There are various methodologies and techniques for analyzing data collected via measurements and observations. Among them, this course focuses on the analysis of time series. Mathematical theory and technique are covered through the lectures, and practical data analyses are executed through computer programming.
Students will acquire the knowledge and skills on the discrete Fourier transform method for characterizing temporal variation in the data, and on various techniques to reduce or eliminate noise superimposed on the data.
By the end of this course, students will be able to:
1) Program a simple data analysis code in MATLAB.
2) Determine an appropriate interval for the sampling of continuously-changing physical quantities.
3) Derive correlation and frequency spectrum of time series data.
4) Extract the meaningful part of the data by removing the noise.
random process, discrete Fourier transform, sampling theorem, Wiener-Khintchin theorem, spectrogram, noise, moving average, filter, singular value decomposition, singular spectrum analysis
|Intercultural skills||Communication skills||Specialist skills||Critical thinking skills||Practical and/or problem-solving skills|
Theory is taught in the class and exercises are occasionally given. Students may be asked to explain the assumptions made in the preparation.
Practices on MATLAB programming are conducted in the computer room of IDE Lounge.
Lecture and practice are provided in turns.

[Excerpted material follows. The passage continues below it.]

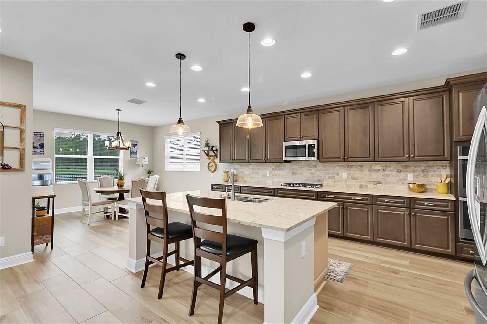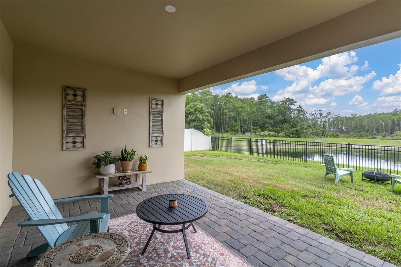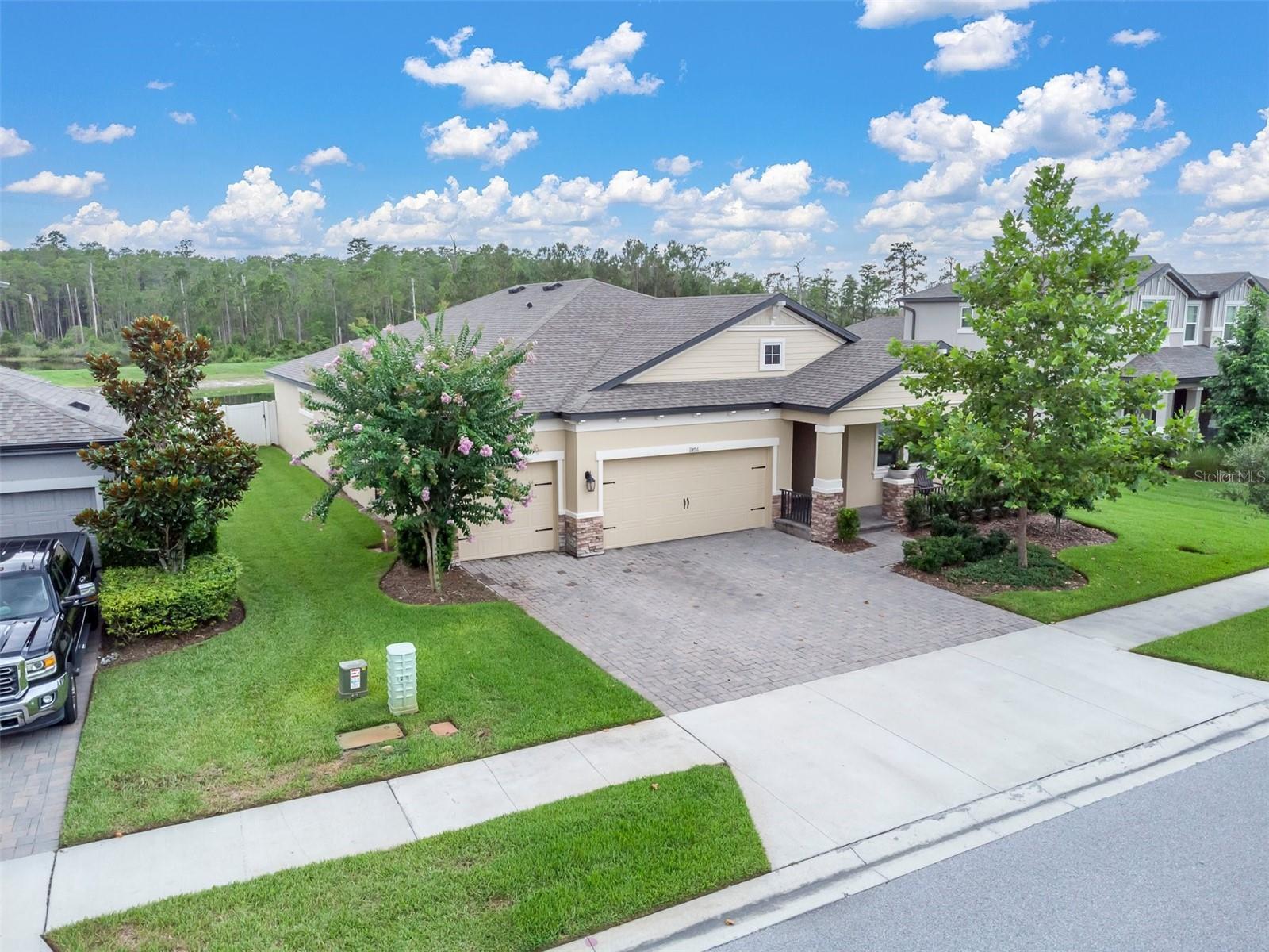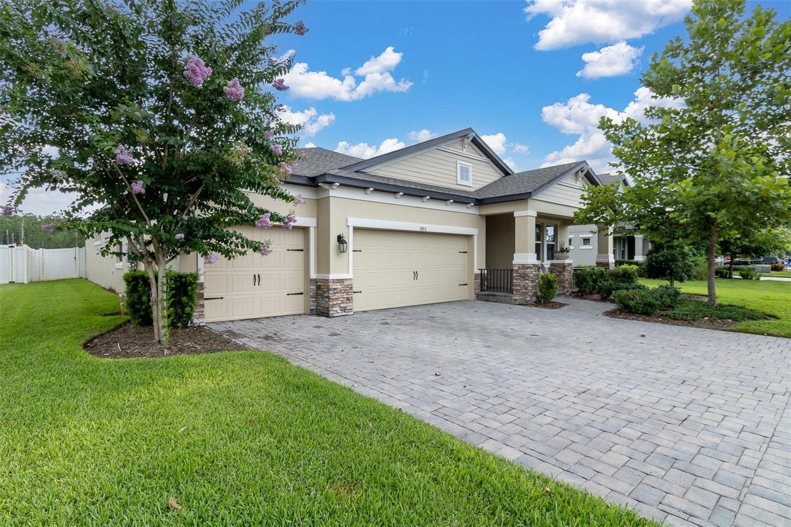 Seller is offering $10K towards buyer's closing costs/rate buydown! Built in 2019, across from Albritton Park, this beautifully maintained 4-bedroom, 2.5 bath ranch style home has fresh exterior paint and sits on an oversized, fenced lot with peaceful pond views and a spacious 3-car garage. Inside, is a wonderful open floor plan with high ceilings, recessed lighting and ceramic tile flooring in the main living areas. The kitchen is the true heart of the home, featuring granite countertops, stainless steel appliances, gas cooking, walk-in pantry, and a custom coffee bar perfect for both everyday living and entertaining. The split-bedroom floor plan provides privacy, with walk-in closets and updated bathrooms showcasing modern finishes. Since this home is only 5yrs old all major systems including the roof, HVAC, plumbing, electrical, appliances, gas water heater, and water softener are just five years young. Enjoy outdoor living with a covered front porch and a covered back patio overlooking a fully fenced backyard with both wrought iron and PVC fencing. Located in the award-winning Starkey Ranch community, residents enjoy miles of scenic trails, resort-style pools, playgrounds, dog parks, sports fields, community pavilions, and the highly rated Starkey Ranch K-8 School and public library. This is more than a home—it’s a lifestyle!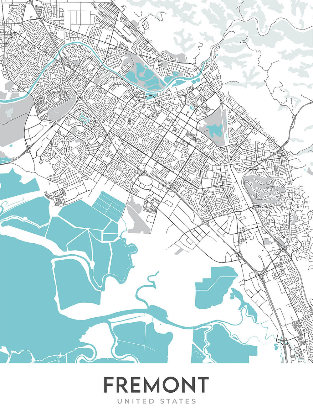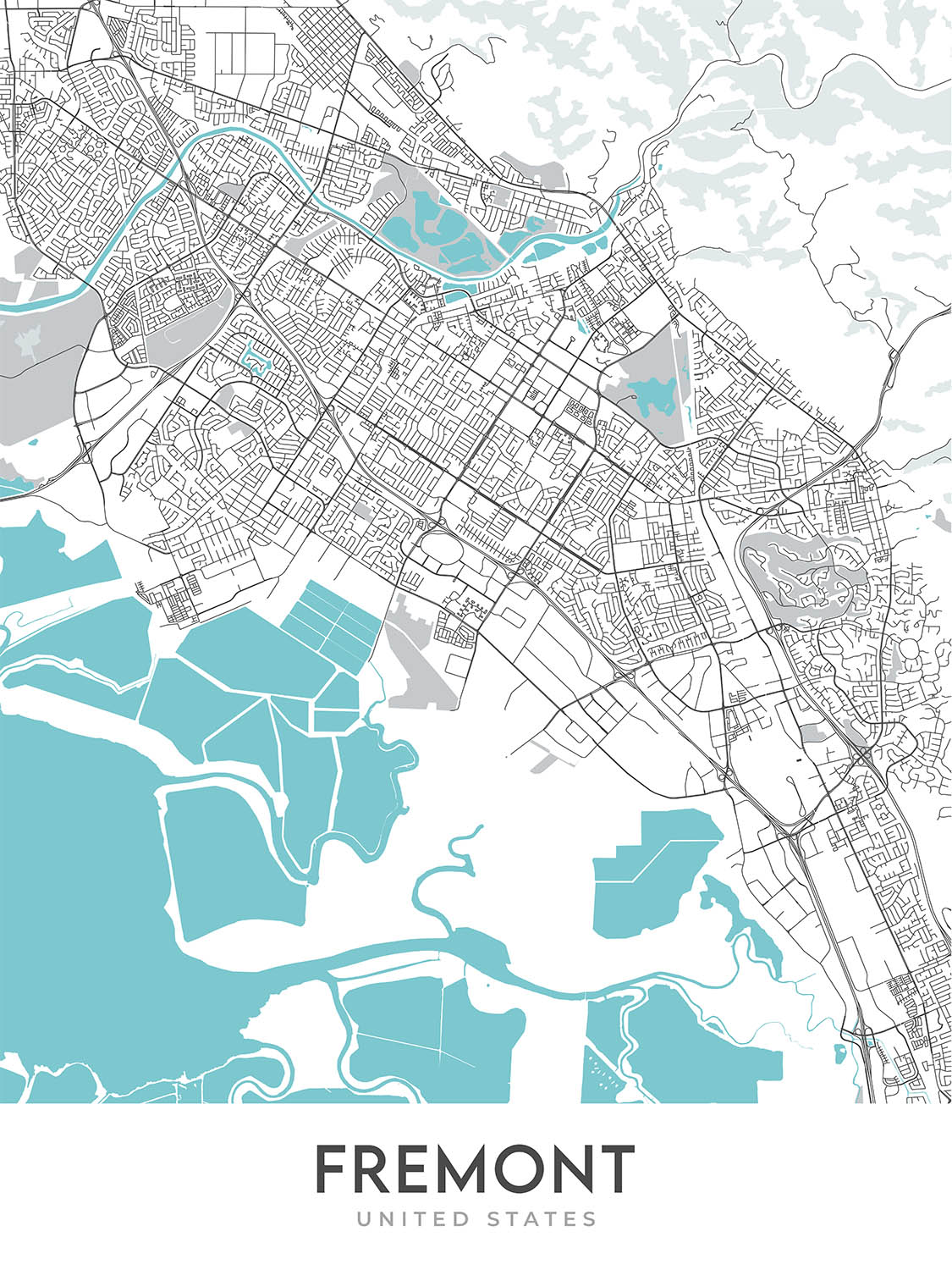 Diese Karte von Fremont, Kalifornien, ist ein modernes Wunderwerk der Kartographie. Es handelt sich um eine detaillierte Straßenkarte, die sich auf die einzigartigen Viertel, Hauptstraßen und Sehenswürdigkeiten der Stadt konzentriert. Die Karte ist mit ihren leuchtenden Farben und den aufwendigen Details eine Augenweide. Es ist sicher ein Gesprächsstarter in jedem Zuhause oder Büro.

|Course schedule||Required learning|
|Class 1||Orientation. Signals (1): sampling theorem, Fourier transform||Find signals within daily life|
|Class 2||Signals (2): random process, autocorrelation, ergodicity, Wiener-Khinchin theorem|
|Class 3||Practice (1): MATLAB||Matrix programming in MATLAB|
|Class 4||Frequency analysis (1): discrete Fourier transform|
|Class 5||Practice (2): discrete Fourier transform||Sampling and discrete Fourier transform of sinusoidal wave|
|Class 6||Frequency analysis (2): uncertainty principle, window function, short time Fourier transform|
|Class 7||Practice (3): short time Fourier transform||Spectrogram of chirp signal|
|Class 8||Noise elimination (1): white noise, moving average|
|Class 9||Practice (4): moving average||Moving average of white noise|
|Class 10||Noise elimination (2): filter|
|Class 11||Practice (5): filter||Noise elimination by filtering|
|Class 12||Signal separation (1): singular value decomposition theorem, singular value decomposition of data|
|Class 13||Signal separation (2): singular spectrum analysis|
|Class 14||Practice (6): singular spectrum analysis||Signal separation and noise elimination by singular spectrum analysis|
|Class 15||Wrap up. Final report assignment.||Processing of voice data|
Masao MASUGI, Signal Analysis, Morikita Pub., 2013 (in Japanese).
Materials for practices are distributed via OCW-i.
Knowledge and applied skill of signals, frequency analysis, noise elimination, signal separation and MATLAB programming will be assessed.
Reports for practice sssions 30%, final report 35%, and final exam 35%.
Students are assumed to have successfully completed Engineering Mathematics A/C, and Theory of Information Processing. Students are also recommended to take Engineering Measurement.
Only students in the Department of International Development Engineering can take this course.